* WHAT IS BEING ASKED: Begin with the first line below and retype each line exactly through the line containing "трьохходовий ARAG, 453027A99". Any pictures are to be left out.

Saved entries

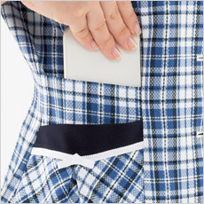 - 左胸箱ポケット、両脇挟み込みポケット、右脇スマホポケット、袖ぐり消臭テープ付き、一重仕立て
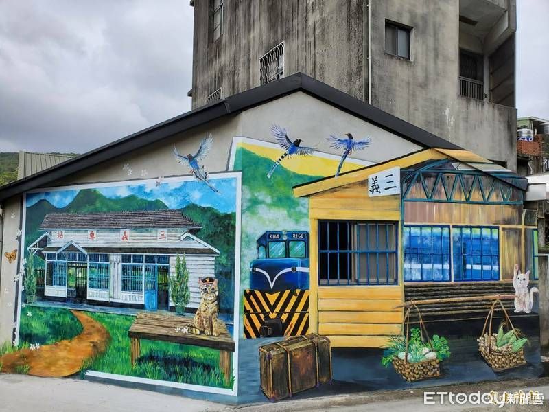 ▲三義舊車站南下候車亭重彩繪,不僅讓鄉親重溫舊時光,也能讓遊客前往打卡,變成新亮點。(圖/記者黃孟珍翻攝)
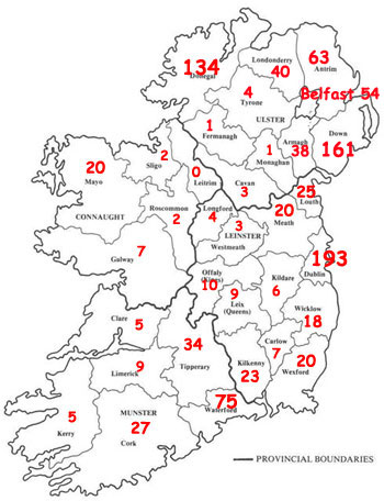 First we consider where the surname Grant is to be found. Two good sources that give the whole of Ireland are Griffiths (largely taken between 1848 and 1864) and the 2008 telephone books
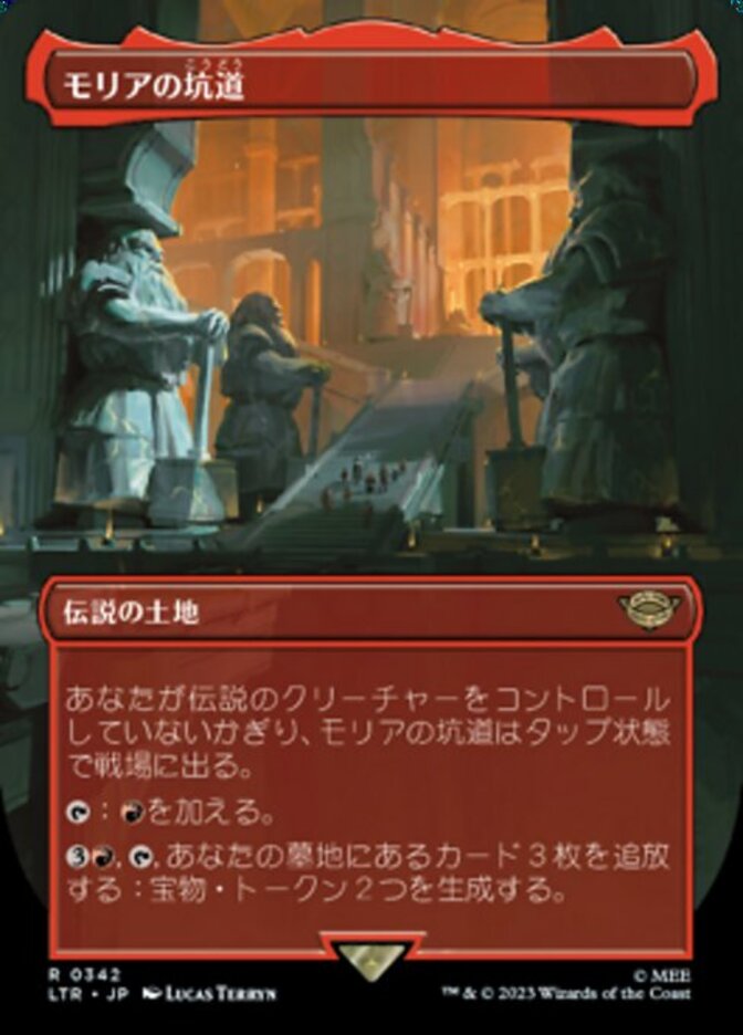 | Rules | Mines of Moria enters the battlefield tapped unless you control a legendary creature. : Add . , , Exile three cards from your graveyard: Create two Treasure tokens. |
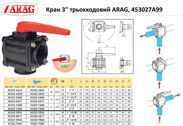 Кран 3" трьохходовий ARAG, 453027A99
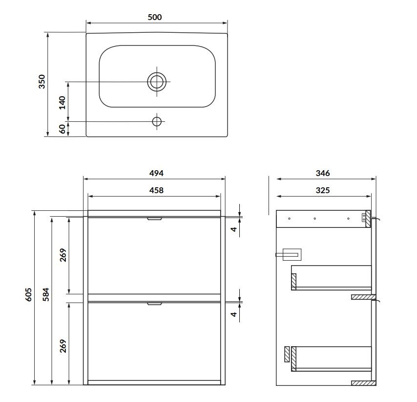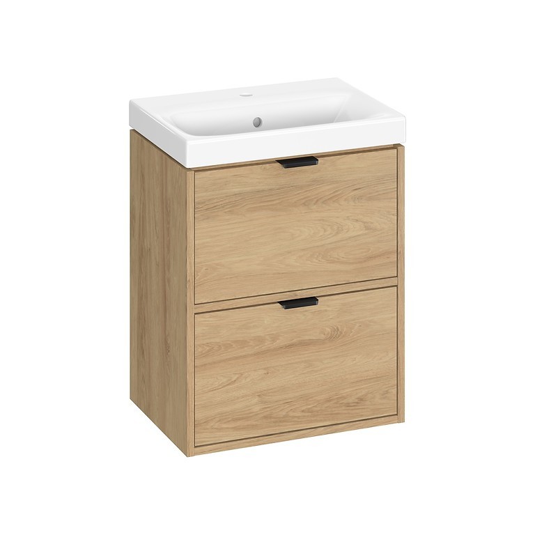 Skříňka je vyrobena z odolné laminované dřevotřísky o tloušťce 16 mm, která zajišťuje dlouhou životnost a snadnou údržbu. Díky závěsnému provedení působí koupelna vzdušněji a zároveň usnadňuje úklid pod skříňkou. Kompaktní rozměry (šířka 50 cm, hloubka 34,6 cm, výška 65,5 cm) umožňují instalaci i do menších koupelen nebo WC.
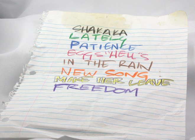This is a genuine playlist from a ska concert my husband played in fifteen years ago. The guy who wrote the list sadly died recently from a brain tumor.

* WRITTEN SOLUTION:
 - 左胸箱ポケット、両脇挟み込みポケット、右脇スマホポケット、袖ぐり消臭テープ付き、一重仕立て
 ▲三義舊車站南下候車亭重彩繪,不僅讓鄉親重溫舊時光,也能讓遊客前往打卡,變成新亮點。(圖/記者黃孟珍翻攝)
 First we consider where the surname Grant is to be found. Two good sources that give the whole of Ireland are Griffiths (largely taken between 1848 and 1864) and the 2008 telephone books
 | Rules | Mines of Moria enters the battlefield tapped unless you control a legendary creature. : Add . , , Exile three cards from your graveyard: Create two Treasure tokens. |
 Кран 3" трьохходовий ARAG, 453027A99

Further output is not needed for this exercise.